At 09:46 AM 7/6/2005 -0400, Benoit Bezaire wrote:
>Tuesday, July 5, 2005, 9:17:50 PM, Lofton wrote:
>[...]
>LH> And model:part-longdesc would be the parentNode of that Text
>LH> Node?
>Well, Attr nodes have a ownerNode, not a parentNode... but yes (same
>concept).

parentNode -- defined on the WebCGMNode interface.
ownerNode -- defined on the WebCGMAttr interface (which derives from 
WebCGMNode).

Since Text Node does not have a derived interfaceto which to attach 
something like ownerNode, it would have to use parentNode, right?


>LH>  (Text Node has no children, and since we can't have
>LH> additional markup within application-specific metadata elements,
>LH> there will be no siblings,
>why do you say that?

Misunderstanding, see below...


>LH> as there might be if part-longdesc could have child elements that
>LH> split the text node into sibling-level pieces.)
>
>LH> Correct?
>No. Our implementation supports...
><grobject ...>
>   <model:part-longdesc>Here is a verbose description
>     <model:anotherNode>Some text</model:anotherNode>
>   </model:part-longdesc>
></grobject>

Aha, I had been thinking that application-specific elements could only go 
one deep, i.e., no have children.  But we don't say that anywhere.  (Nor do 
we say that the app-specific content model can go arbitrarily deep.)

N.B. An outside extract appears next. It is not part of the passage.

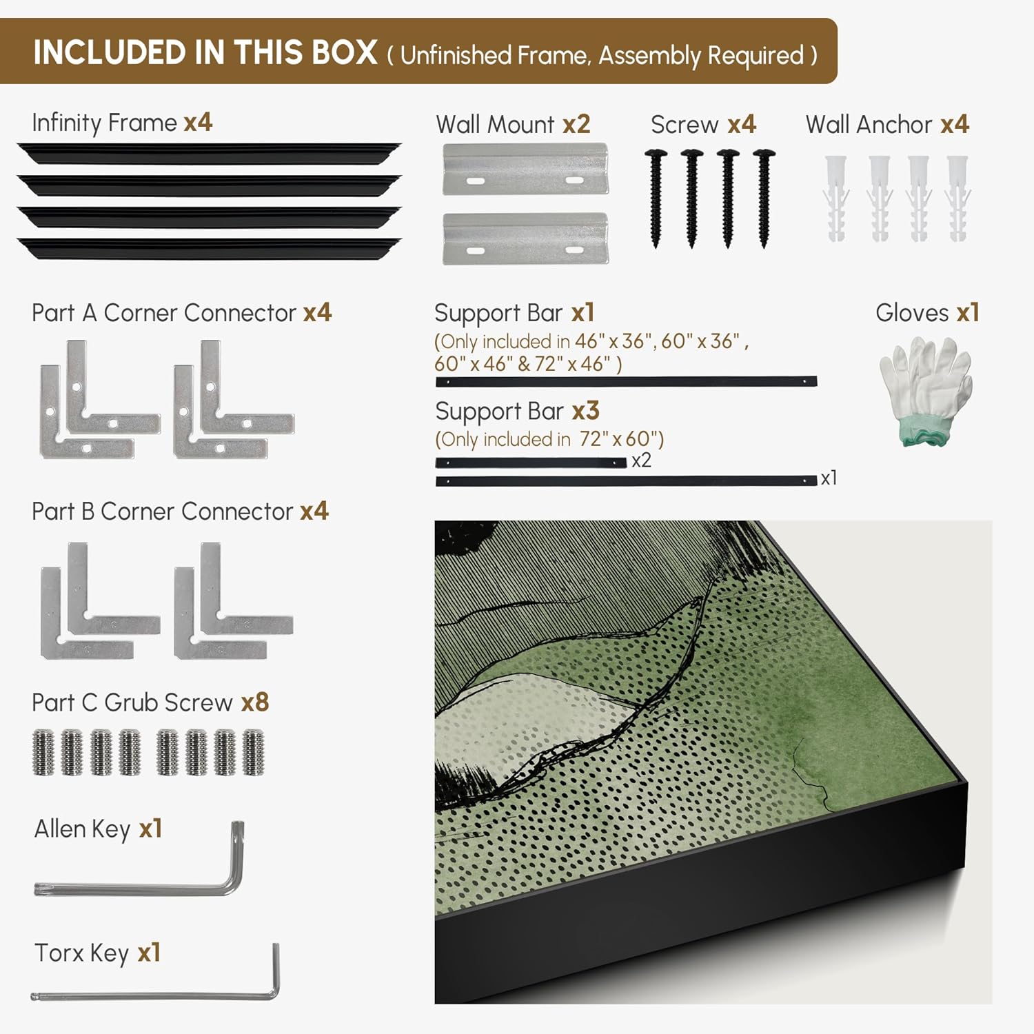 - Assembly Required: The artwork comes with the frame components unassembled. Don¡¯t worry - setup is straightforward and tool-friendly. For best results and accurate alignment, we recommend two people to ensure a smooth assembly and a stable, secure wall mount.

I have no problem with app-specific elements having children.  I just 
wasn't considering those cases (which indeed could lead to siblings of Text 
Nodes, both other T.N. siblings and siblings that are other elements).  As 
in...

<grobject ...>
   <model:part-longdesc>
       Here is a verbose description
      <model:anotherNode>Some text</model:anotherNode>
      of the part whose part number is ..blah..
    </model:part-longdesc>
</grobject>


>LH> Is there anywhere else in the WebCGM DOM model that Text
>LH> Nodes appear?
>No, not in WebCGM.
>
>LH> DOM2 suggests they might represent the content of Attr nodes:
>I guess we diverged from that in an attempt to simplify things...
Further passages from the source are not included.